A comprehensive study of the pervasive role of immersion and immersive media in postmodern culture, from a humanities and social sciences perspective.
Virtual reality, augmented reality, mixed reality, and other modes of digitally induced immersion herald a major cultural and economic shift in society. Most academic discussions of immersion and immersive media have focused on the technological aspects. In The 360° Gaze, Christian Stiegler takes a humanities and social science approach, emphasizing the human implications of immersive media in postmodern culture. Examining characteristics common to all immersive experiences, he uncovers dominant metaphors, such as the rabbit hole, and prevailing ideologies.
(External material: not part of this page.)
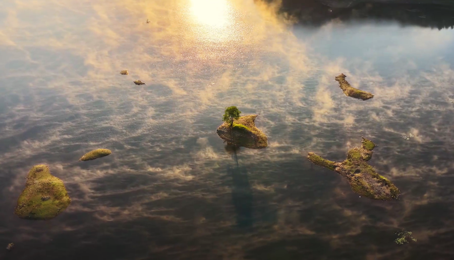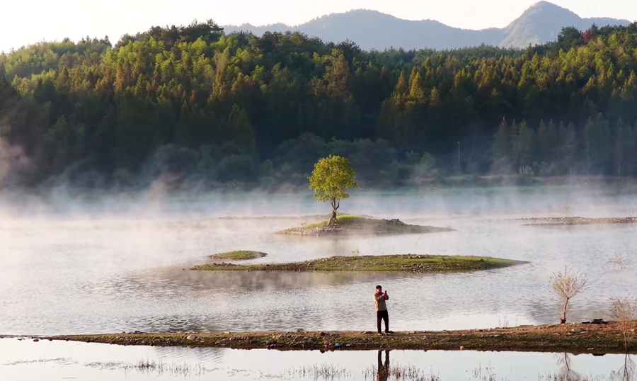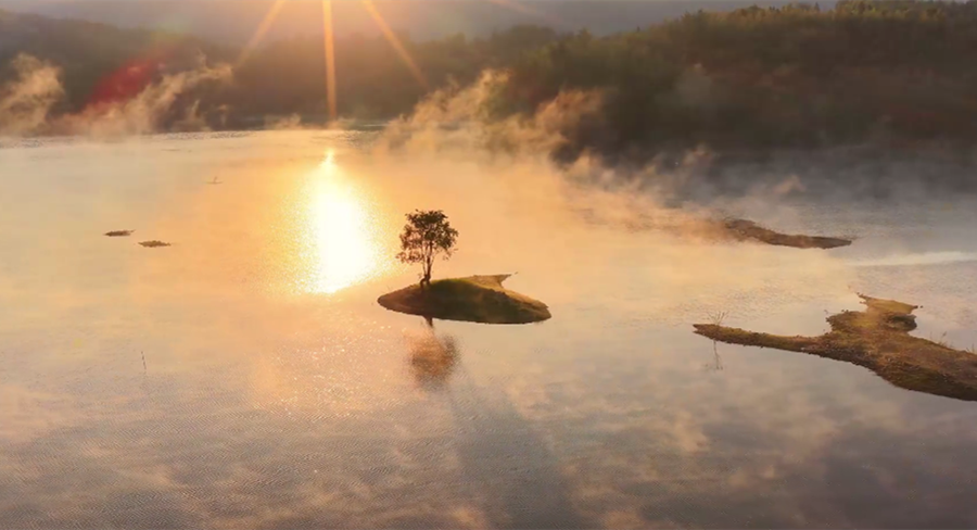 近日,安徽省黟县奇墅湖晨雾弥漫,金色的霞光洒在湖面上,熠熠生辉,宛若诗意画卷。(施亚磊)

He raises fundamental questions about opportunities and risks associated with immersion, as well as the potential effects on individuals, communities, and societies.
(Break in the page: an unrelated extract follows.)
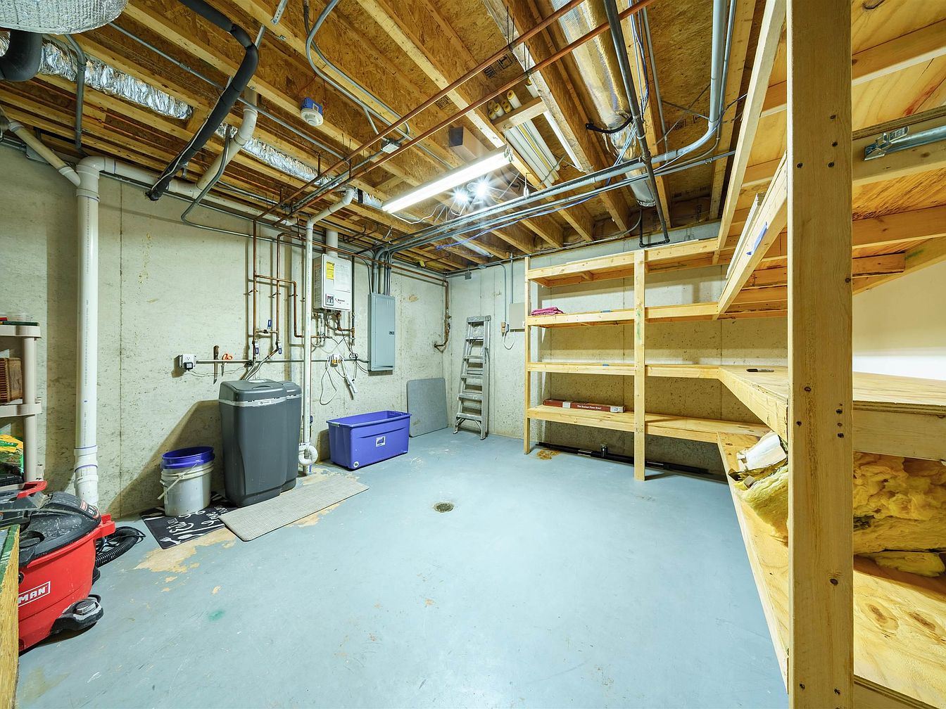 This spacious basement area is designed primarily for storage and utility purposes. Exposed wooden ceiling beams reveal a network of pipes and wiring, emphasizing a functional, unfinished aesthetic. The concrete block walls and painted concrete floor offer durability and easy maintenance. The right side features sturdy wooden shelving units, perfect for organizing tools, supplies, or household items. A ladder leans against the far wall alongside an electrical panel and water softener unit, highlighting practical home systems. Bright fluorescent lighting ensures the space is well-illuminated, making this basement an efficient and accessible storage solution.

Stiegler expands the range of media practices we should consider immersive. Introducing his theoretical framework of “the 360° gaze,” he navigates immersive experiences in literature, film, television, the performing arts, digital games, and immersive technologies. He considers their implications for psychology and reception, as well as their role in cultural industries and digital ecosystems. As he examines the intersections among immersive settings in media and in everyday immersive acts, he reframes such topics as mediation of the self, binge-watching, fandom, extended reality, and artificial intelligence. Immersion, he argues, is key to understanding the role of mass media in postmodern society. Stiegler perceives immersion to be an even more powerful and enduring form of engagement than mediation. Writing as a researcher and storyteller, he provides a guide to rethinking immersion in mediated experiences from the past, to enable us to prepare ourselves for the future.